Jay displayed marked adroitness as
a negotiator in dealing with the issues growing out
of past differences, but he made an extraordinary slip
in providing for commercial relations between the
two countries. In their general tenor the articles
displayed broad liberality. Between all British
dominions in Europe and the territories of the United
States there was to be “a reciprocal and perfect
liberty of commerce and navigation.” American
vessels were to “be admitted and hospitably received”
in the ports of East India, and, although participation
in the coasting trade was prohibited, it was provided
that this restriction should not prevent ships going
from one port of discharge to another. The East
Indian trade was not, however, so important as the
nearer West Indian trade, and with respect to the
latter the treaty provisions were narrow and exacting.

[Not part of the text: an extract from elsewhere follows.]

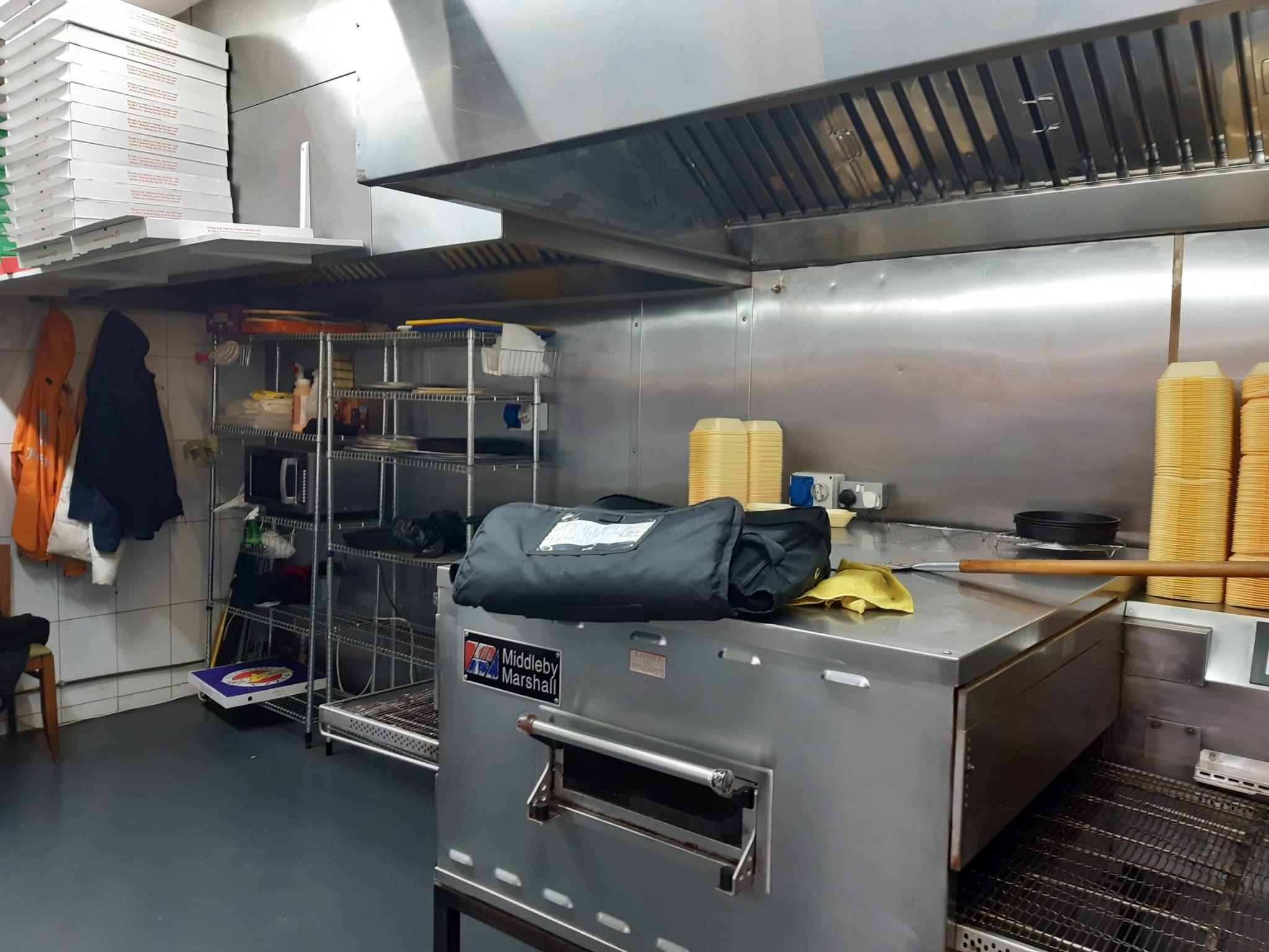 Property for sale by Auction A commercial kitchen in a bustling pizza shop 4 u, featuring a large industrial oven with a bag on top, shelving with pizza boxes, a microwave, and various supplies. The stainless steel walls and large ventilation hoods add to its efficiency. Yellow containers are stacked on a counter in the background. Presented by World of Auctions

American vessels were limited to seventy tons burden,
and it was provided that “the United States
will prohibit and restrain the carrying away of molasses,
sugar, coffee, or cotton in American vessels, either
for his Majesty’s Islands or the United States,
to any part of the world except the United States,
reasonable sea-stores excepted.” Jay, in
a letter to Washington, excused his acceptance of
this restraint on the ground that “the commercial
part of the treaty may be terminated at the expiration
of two years after the war, and in the meantime a
state of things more auspicious to negotiation will
probably arise, especially if the next session of Congress
should not interpose fresh obstacles.”
The treaty was silent on the subject
of impressment, but Jay’s failure on that point
was just what was to have been expected in view of
the unwillingness of the United States to defend its
commerce. Impressment was not abandoned until
many years afterwards, and then not through treaty
stipulation but because the United States had a navy
and could resist aggression on the seas. In its
treatment of the subject of contraband, the treaty
took positions in accord with the international law
then received, but in one respect it made a distinct
advance. Provision was made that war between
the two countries should never become the pretext for
confiscation of debts or annulment of contracts.

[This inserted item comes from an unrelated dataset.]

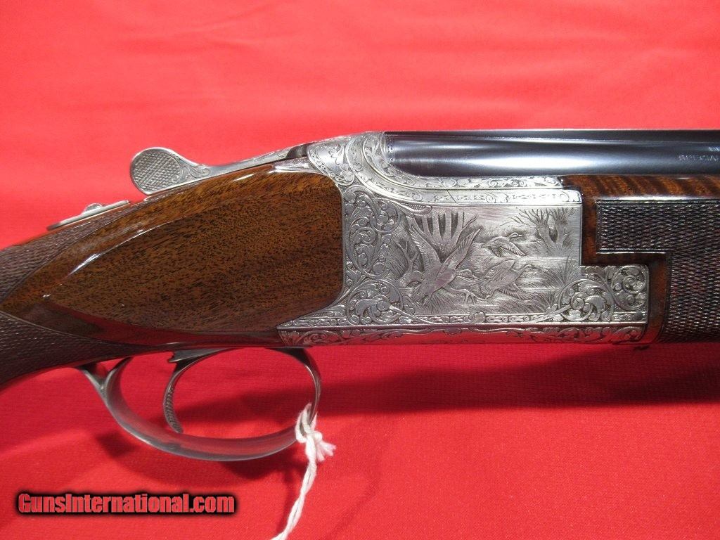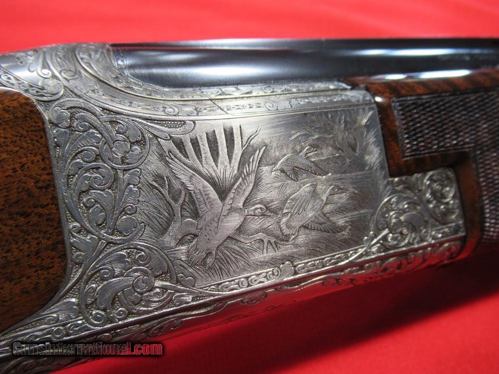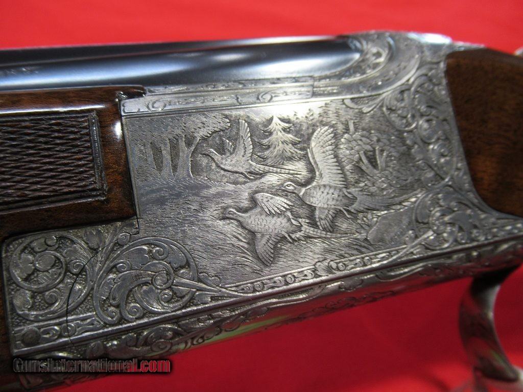 Description: Belgium Browning C Grade 20ga 28" SK/SK -- C Series Exhibition grade gun with D4G engraving pattern (signed by M. Bodson) -- This is a mid 70's gun with long tang, beavertail forend, and factory pad. It is in virtually new condition with a Browning luggage case. MINT condition. SOLD |

This position involves the noble principle that war
should never supersede justice but should be the servant
of justice. Great practical advantage was experienced
from it in the War of 1812, when the United States
was a creditor nation.
On the whole, Jay’s diplomacy
was as enlightened as it was shrewd, but at the time
it exposed him to furious denunciation which he disdained
to notice. “I had read the history of Greece,”
he wrote to a friend, “and was apprised of the
politics and proceedings of more recent date.”
The philosophic composure which he drew from his knowledge
of history enabled him to behave with calm dignity
while he was being burned in effigy, and while mob
orators were heaping insult and calumny on his name.
After a struggle that shook the Government, the treaty
was ratified by the Senate on June 24, 1795, with
the exception of the article about the West Indian
trade, an omission to which Great Britain made no objection.
The treaty was extremely unpopular, chiefly because
unreasonable expectations of its provisions had been
entertained. People had yet to learn that national
independence has its defects as well as its advantages,
and that the traditional intimacy between the West
Indies and America was now on a footing of privilege
and not of right. The great benefits conferred
by the treaty were therefore not appreciated, and
so violent was the fury its terms excited that it
was perhaps fortunate that Jay did not resume his
seat on the Supreme Bench. Before his return from
England and before the details of the treaty had been
made public, he had been elected governor of New York,
and to accept this office he resigned the chief-justiceship.